■ PROBLEM DETAILS ■
Pictures stay out of the output. Return exactly the lines below from the one with "日没前後の時間帯である「誰そ" down to the one with "Tackling unfairness in", both included, and nothing more.

■ DATA ■
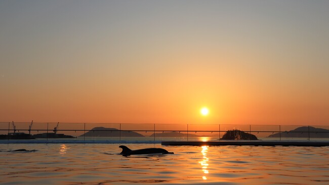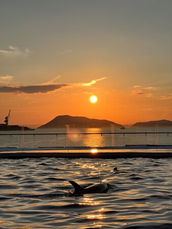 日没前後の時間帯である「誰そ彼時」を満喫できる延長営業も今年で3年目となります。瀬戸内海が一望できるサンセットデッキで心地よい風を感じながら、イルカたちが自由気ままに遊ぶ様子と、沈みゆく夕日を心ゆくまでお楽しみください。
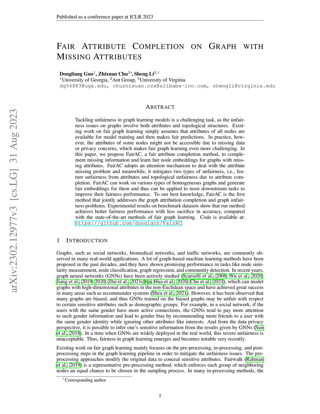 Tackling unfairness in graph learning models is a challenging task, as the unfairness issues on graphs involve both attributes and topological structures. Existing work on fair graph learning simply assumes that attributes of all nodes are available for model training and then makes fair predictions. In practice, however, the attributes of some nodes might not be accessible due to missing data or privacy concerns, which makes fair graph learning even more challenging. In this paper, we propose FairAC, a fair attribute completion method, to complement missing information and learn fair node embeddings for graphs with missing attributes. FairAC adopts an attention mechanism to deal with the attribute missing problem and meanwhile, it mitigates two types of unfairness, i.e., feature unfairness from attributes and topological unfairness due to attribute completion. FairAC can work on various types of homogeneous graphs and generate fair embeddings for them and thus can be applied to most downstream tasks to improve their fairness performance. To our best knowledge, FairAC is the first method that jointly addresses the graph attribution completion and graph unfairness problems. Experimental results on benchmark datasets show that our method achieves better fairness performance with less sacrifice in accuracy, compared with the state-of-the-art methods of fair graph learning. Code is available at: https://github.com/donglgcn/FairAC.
==
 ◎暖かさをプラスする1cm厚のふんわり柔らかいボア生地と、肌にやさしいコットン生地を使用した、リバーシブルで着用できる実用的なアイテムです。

■ TASK RESULT ■
 日没前後の時間帯である「誰そ彼時」を満喫できる延長営業も今年で3年目となります。瀬戸内海が一望できるサンセットデッキで心地よい風を感じながら、イルカたちが自由気ままに遊ぶ様子と、沈みゆく夕日を心ゆくまでお楽しみください。
 Tackling unfairness in graph learning models is a challenging task, as the unfairness issues on graphs involve both attributes and topological structures. Existing work on fair graph learning simply assumes that attributes of all nodes are available for model training and then makes fair predictions. In practice, however, the attributes of some nodes might not be accessible due to missing data or privacy concerns, which makes fair graph learning even more challenging. In this paper, we propose FairAC, a fair attribute completion method, to complement missing information and learn fair node embeddings for graphs with missing attributes. FairAC adopts an attention mechanism to deal with the attribute missing problem and meanwhile, it mitigates two types of unfairness, i.e., feature unfairness from attributes and topological unfairness due to attribute completion. FairAC can work on various types of homogeneous graphs and generate fair embeddings for them and thus can be applied to most downstream tasks to improve their fairness performance. To our best knowledge, FairAC is the first method that jointly addresses the graph attribution completion and graph unfairness problems. Experimental results on benchmark datasets show that our method achieves better fairness performance with less sacrifice in accuracy, compared with the state-of-the-art methods of fair graph learning. Code is available at: https://github.com/donglgcn/FairAC.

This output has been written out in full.